它们飞到地上快速啄食完腐肉,又很快飞着离去。
入目之处静悄悄的,不闻人声,不闻鸟雀之声,不见往年的炊烟袅袅,秦国境外好似已经成了一片死地。
人在大自然面前,根本没有一丝反抗的能力。当重灾降下之时,人也只能承受,承受不过去的,早已白骨露于野了。
外边白骨累累,楚国却还在四处打仗、四处起义。
国内最大的三股势力,保卫王室,拥护楚王熊悍的项家,对上楚王弟弟熊负刍的同时,还要防范着流民中刘邦麾下已成气候的流民军。

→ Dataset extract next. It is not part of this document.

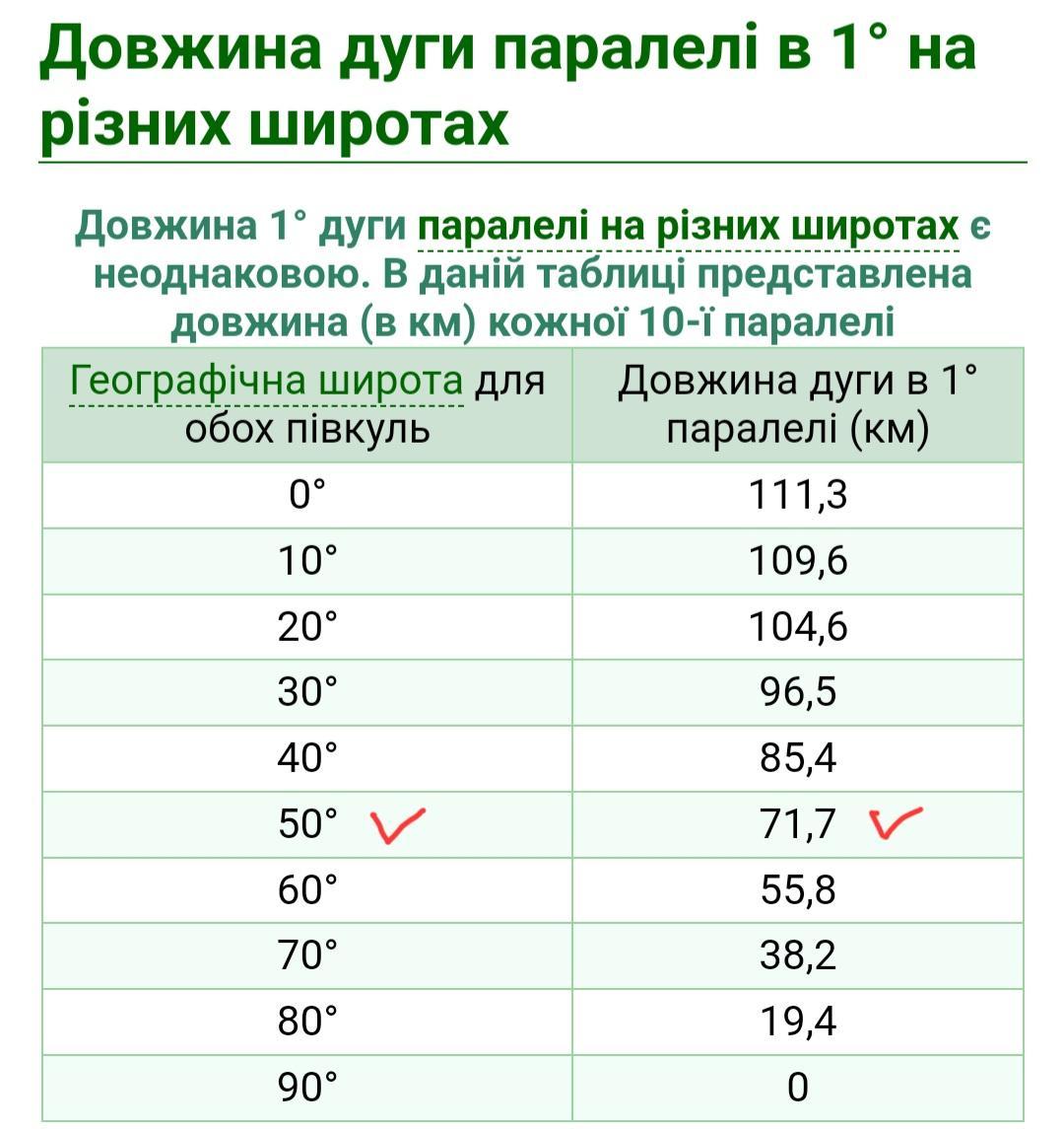 Щоб знайти відстань по паралелі 50°, знаходимо спочатку відстань в градусах між точками, потім по таблиці знаходимо чому дорівнює 1° по даній паралелі і множимо довжину 1° (71,7 км) на кількість градусів.

项家带兵在国都寿春、巨阳、平舆、下蔡一带驻扎,熊负刍带叛兵在淮河旁的息地驻扎,刘邦带流民避开锋芒,走到了宿州城安顿。
三股势力,互为犄角,谁也不让着谁,但谁都没有开打。
如今形势太差,整个楚国都缺粮食。一旦率先发兵,定然要有粮食支撑,才能攻城。不过,就算是不攻城,养兵也不能让人只喝空气,兵多了,一日耗费嚼用也不是寻常人能够承受的。
楚王熊悍是做一国主君的,自然有些积累,他也有粮仓,倒是还能勉励支撑。
熊负刍早对熊悍不满已经,造反之心早早埋下,他原也准备了些军粮,但如今已经见了底,眼看自己满军将士,因缺粮已经躁动起来。